• RECORDS SHOWN
══════

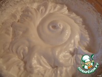 Теперь яичные белки взбили в пену и тоненькой струйкой всыпаем сахар и продолжаем взбивать до крепкой пены (масса не должна вываливаться из миски) |
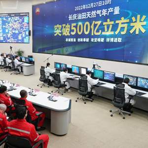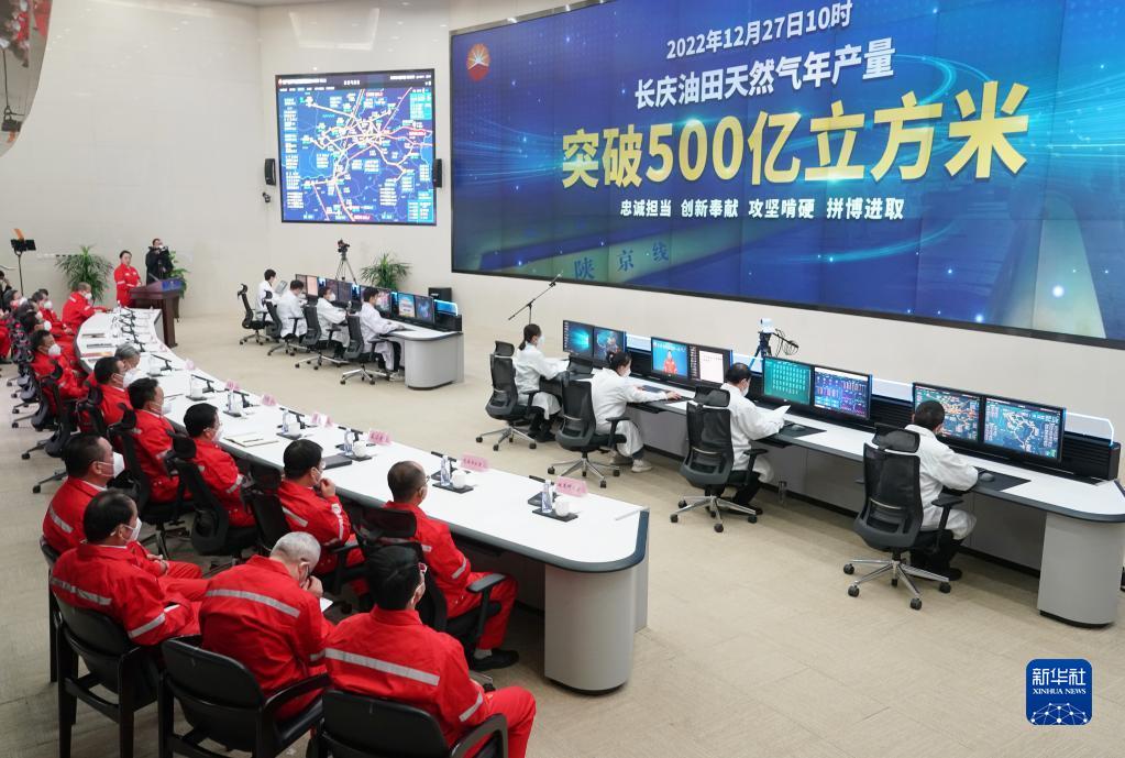 12月27日,在位于陜西西安的中國石油長(cháng)慶油田生產(chǎn)指揮中心內,電子屏上顯示天然氣年產(chǎn)量突破500億立方米。
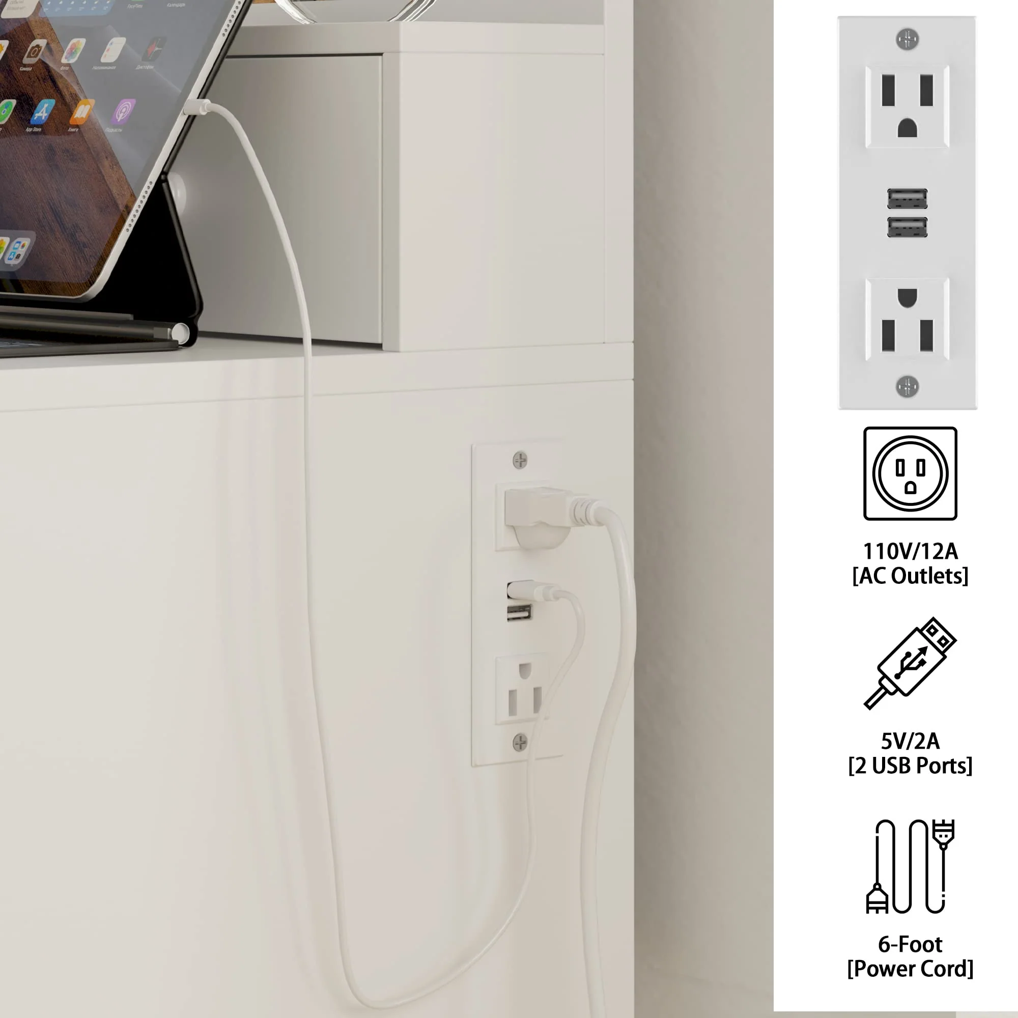 - Vanity Table with Charging Station: This makeup vanity features a charging station, includes 2 standard plug sockets and 2 USB ports, which can be more convenient to connect your hair dryer, curling iron, and it can also charge your phone, tablet or other mobile devices, allowing you to take a beautiful selfie when you finished your makeup
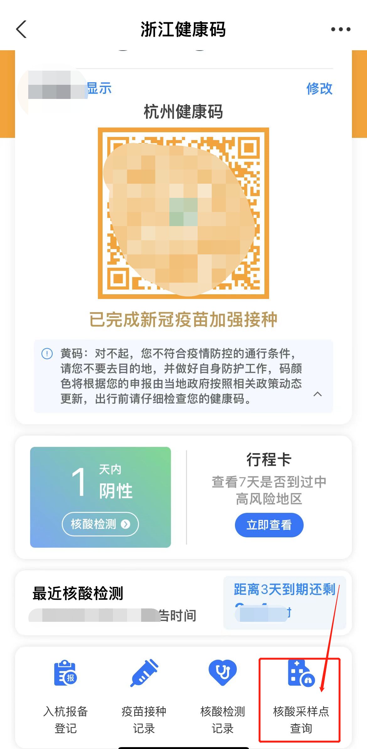 一、打开杭州健康码,下方有核酸点位查询功能。
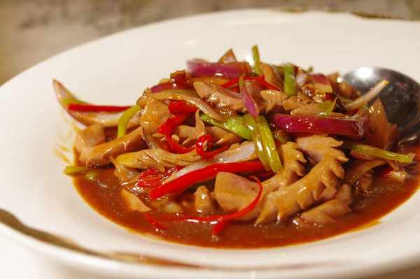樟樹港辣椒炒五花肉,辣椒才是重點,質脆無渣鮮辣適度,愛吃辣的人會很喜歡。 其中的海參主要作用應該是提升檔次,托舉賣價。
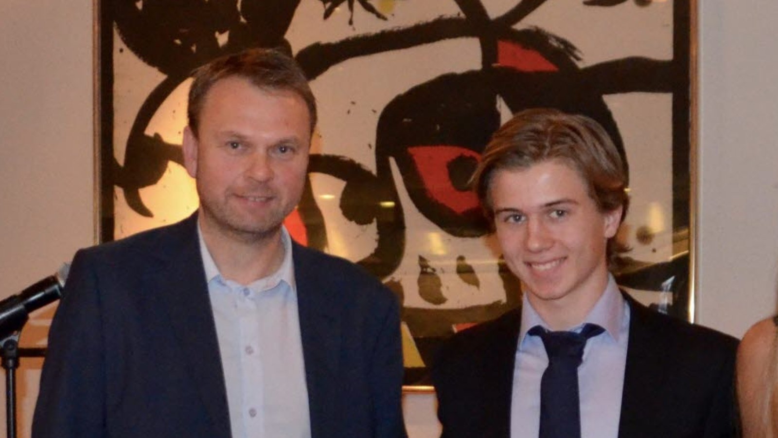 Markedssjef Ove Skjeret fra Sparebanken Møre overrakte stipendet til de to talentfulle ungdommene.
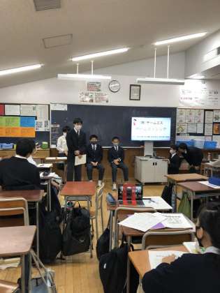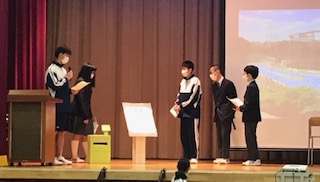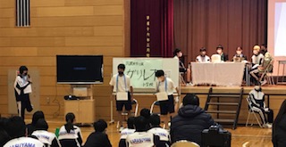 中止になった職場体験に代わり、職業探究学習を進めてきました。今日はパワーポイントや劇を交えて、これまでの学習の集大成の発表会を行いました。
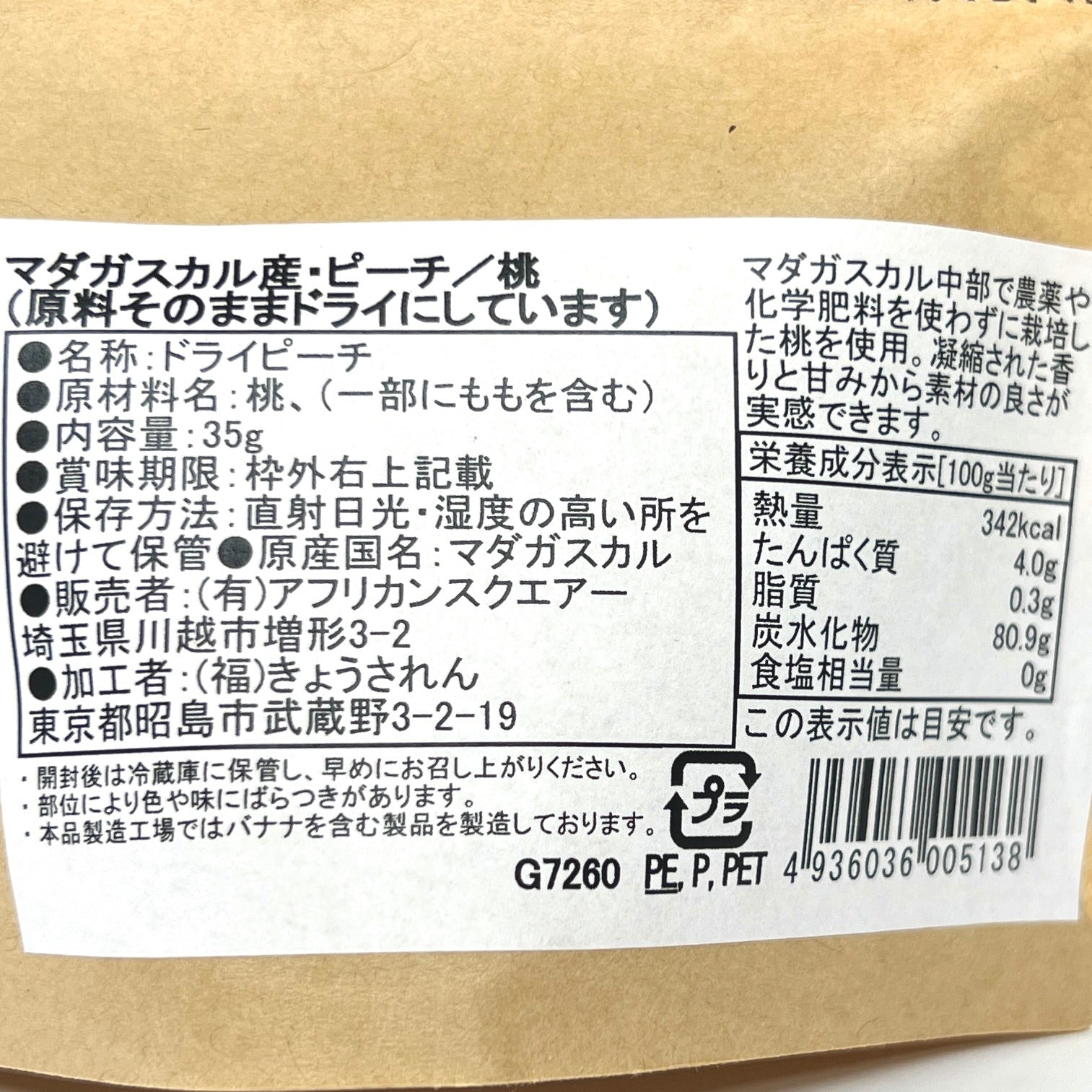 アフリカンテーブル マダガスカル産ドライピーチ/桃
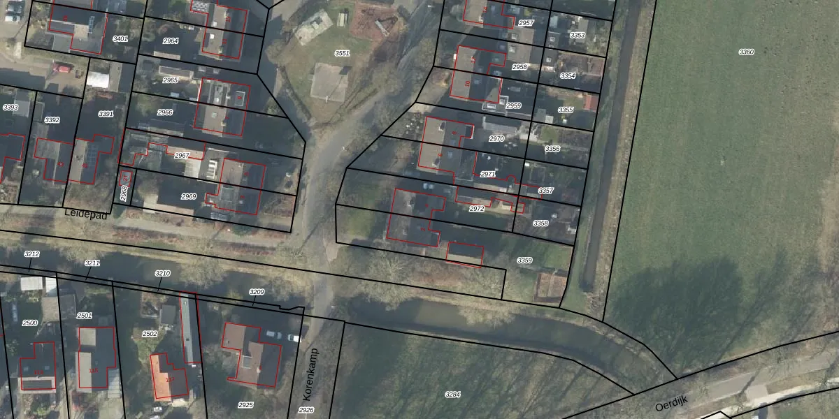Het perceel waarop Korenkamp 4 staat heeft een oppervlakte van 377 m². Dit is een groot perceel. De perceeloppervlakte wordt geregistreerd door het Kadaster. Gedetailleerde informatie over de maten van dit perceel kunt u vinden in het rapport Kadastrale kaart met maatvoering van Korenkamp 4.
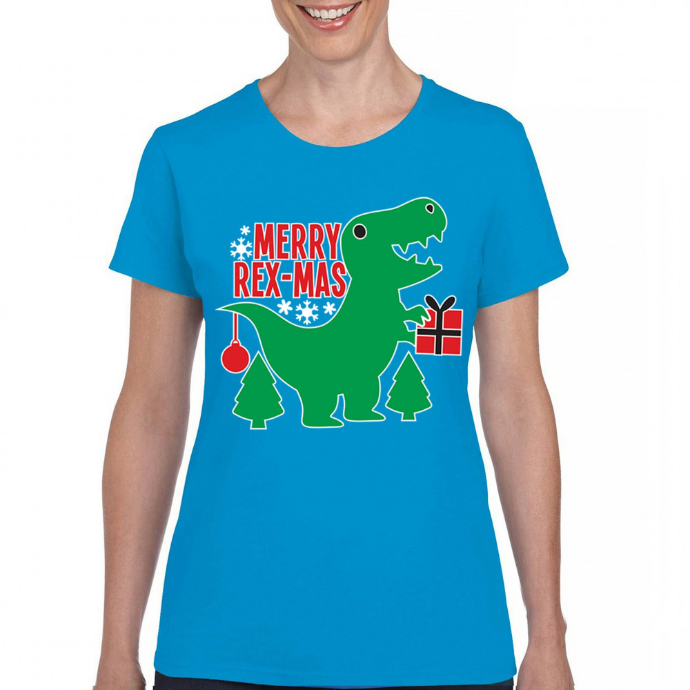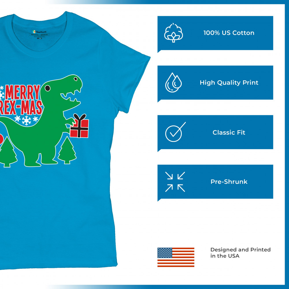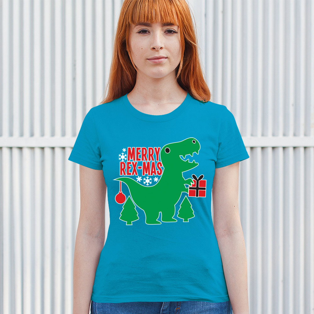 Merry Rex-Mas dinosaur Christmas design with a cute T-Rex, gift, and festive holiday details. Perfect for fun family celebrations and cheerful winter style.

══════

• WHAT IS NEEDED
Only the lines from the one containing "Markedssjef Ove Skjeret" through the last line of the entries above, both included, belong in the answer, written out exactly; pictures do not.

• ANSWER TO THIS EXERCISE
 Markedssjef Ove Skjeret fra Sparebanken Møre overrakte stipendet til de to talentfulle ungdommene.
 中止になった職場体験に代わり、職業探究学習を進めてきました。今日はパワーポイントや劇を交えて、これまでの学習の集大成の発表会を行いました。
 アフリカンテーブル マダガスカル産ドライピーチ/桃
Het perceel waarop Korenkamp 4 staat heeft een oppervlakte van 377 m². Dit is een groot perceel. De perceeloppervlakte wordt geregistreerd door het Kadaster. Gedetailleerde informatie over de maten van dit perceel kunt u vinden in het rapport Kadastrale kaart met maatvoering van Korenkamp 4.
 Merry Rex-Mas dinosaur Christmas design with a cute T-Rex, gift, and festive holiday details. Perfect for fun family celebrations and cheerful winter style.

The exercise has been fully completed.